Source data section start
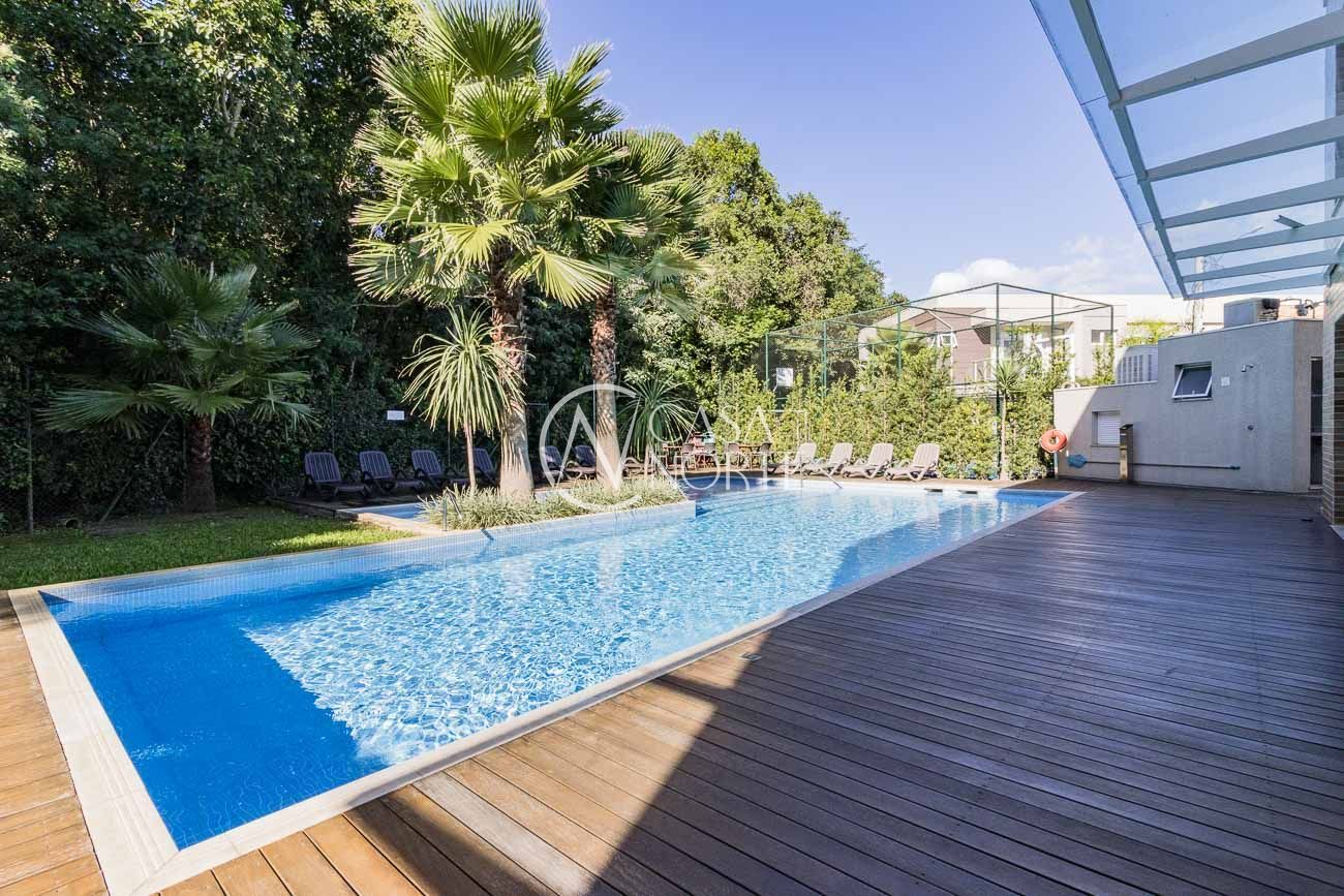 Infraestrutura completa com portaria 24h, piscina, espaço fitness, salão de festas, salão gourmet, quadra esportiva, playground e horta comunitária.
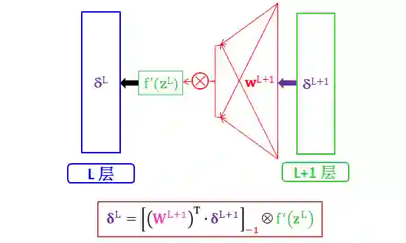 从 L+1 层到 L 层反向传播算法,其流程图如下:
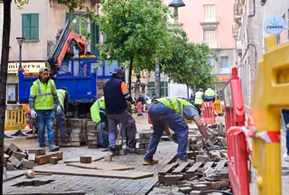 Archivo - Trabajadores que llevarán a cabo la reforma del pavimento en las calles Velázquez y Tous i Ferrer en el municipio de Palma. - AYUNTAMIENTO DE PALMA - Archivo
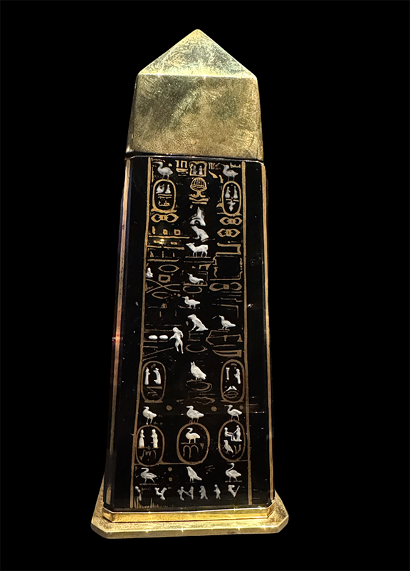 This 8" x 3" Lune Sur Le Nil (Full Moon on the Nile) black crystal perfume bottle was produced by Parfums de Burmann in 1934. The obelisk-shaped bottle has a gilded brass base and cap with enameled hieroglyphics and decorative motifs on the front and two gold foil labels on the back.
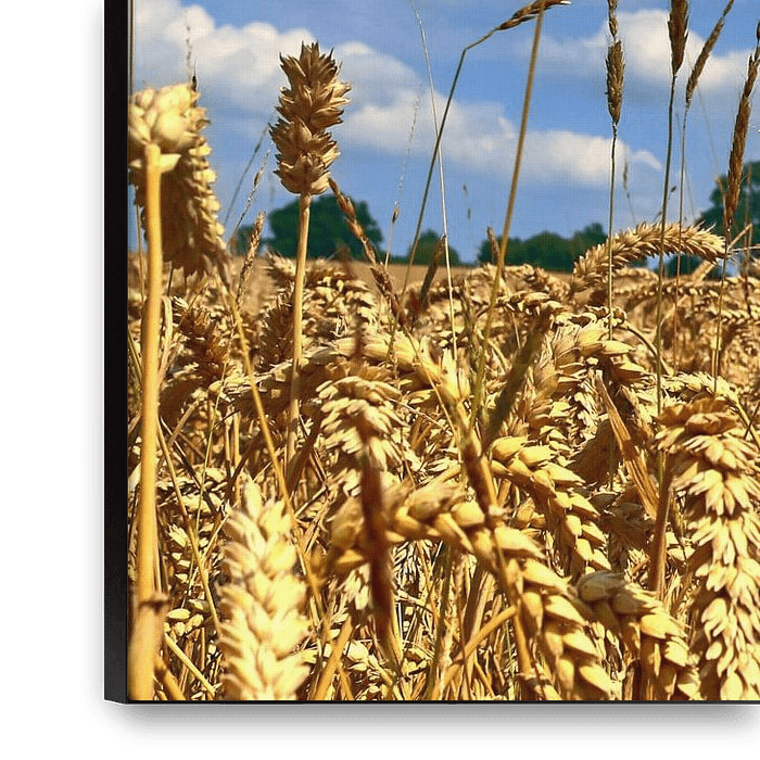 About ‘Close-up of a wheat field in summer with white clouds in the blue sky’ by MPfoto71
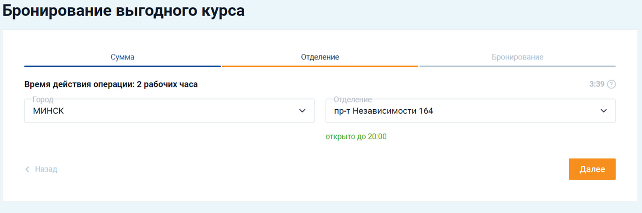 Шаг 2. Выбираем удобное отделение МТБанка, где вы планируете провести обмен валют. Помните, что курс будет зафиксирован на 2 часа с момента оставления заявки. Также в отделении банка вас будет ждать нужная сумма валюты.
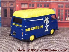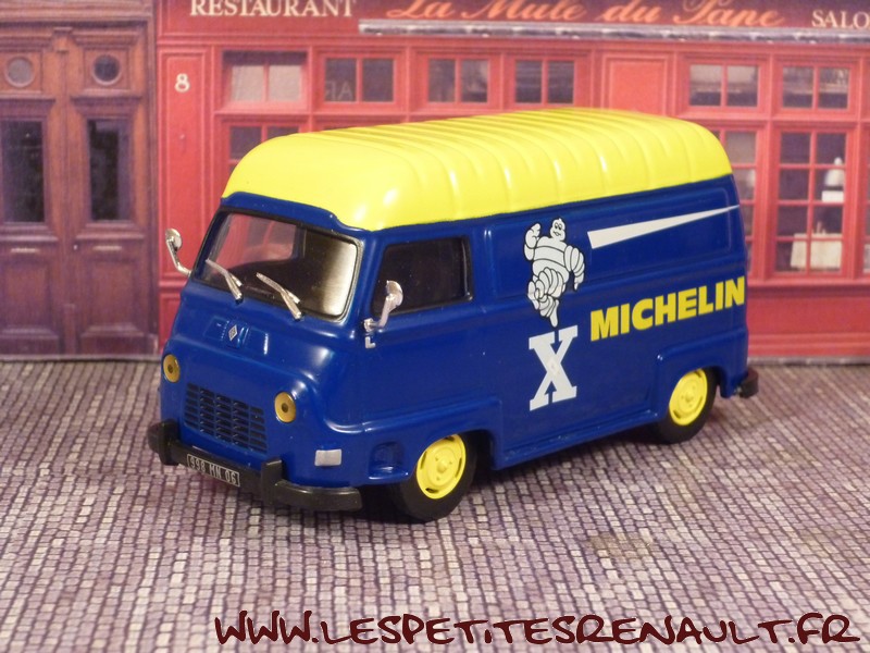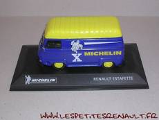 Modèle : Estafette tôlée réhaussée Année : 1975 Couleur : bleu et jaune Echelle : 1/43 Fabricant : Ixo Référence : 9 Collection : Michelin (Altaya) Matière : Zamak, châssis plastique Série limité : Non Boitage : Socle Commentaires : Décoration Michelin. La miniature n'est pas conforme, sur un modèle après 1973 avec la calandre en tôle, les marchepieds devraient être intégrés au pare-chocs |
Source data section end
:: What you have to do ::
With the images omitted, retype the records above exactly.

:: Output of the exercise ::
 Infraestrutura completa com portaria 24h, piscina, espaço fitness, salão de festas, salão gourmet, quadra esportiva, playground e horta comunitária.
 从 L+1 层到 L 层反向传播算法,其流程图如下:
 Archivo - Trabajadores que llevarán a cabo la reforma del pavimento en las calles Velázquez y Tous i Ferrer en el municipio de Palma. - AYUNTAMIENTO DE PALMA - Archivo
 This 8" x 3" Lune Sur Le Nil (Full Moon on the Nile) black crystal perfume bottle was produced by Parfums de Burmann in 1934. The obelisk-shaped bottle has a gilded brass base and cap with enameled hieroglyphics and decorative motifs on the front and two gold foil labels on the back.
 About ‘Close-up of a wheat field in summer with white clouds in the blue sky’ by MPfoto71
 Шаг 2. Выбираем удобное отделение МТБанка, где вы планируете провести обмен валют. Помните, что курс будет зафиксирован на 2 часа с момента оставления заявки. Также в отделении банка вас будет ждать нужная сумма валюты.
 Modèle : Estafette tôlée réhaussée Année : 1975 Couleur : bleu et jaune Echelle : 1/43 Fabricant : Ixo Référence : 9 Collection : Michelin (Altaya) Matière : Zamak, châssis plastique Série limité : Non Boitage : Socle Commentaires : Décoration Michelin. La miniature n'est pas conforme, sur un modèle après 1973 avec la calandre en tôle, les marchepieds devraient être intégrés au pare-chocs |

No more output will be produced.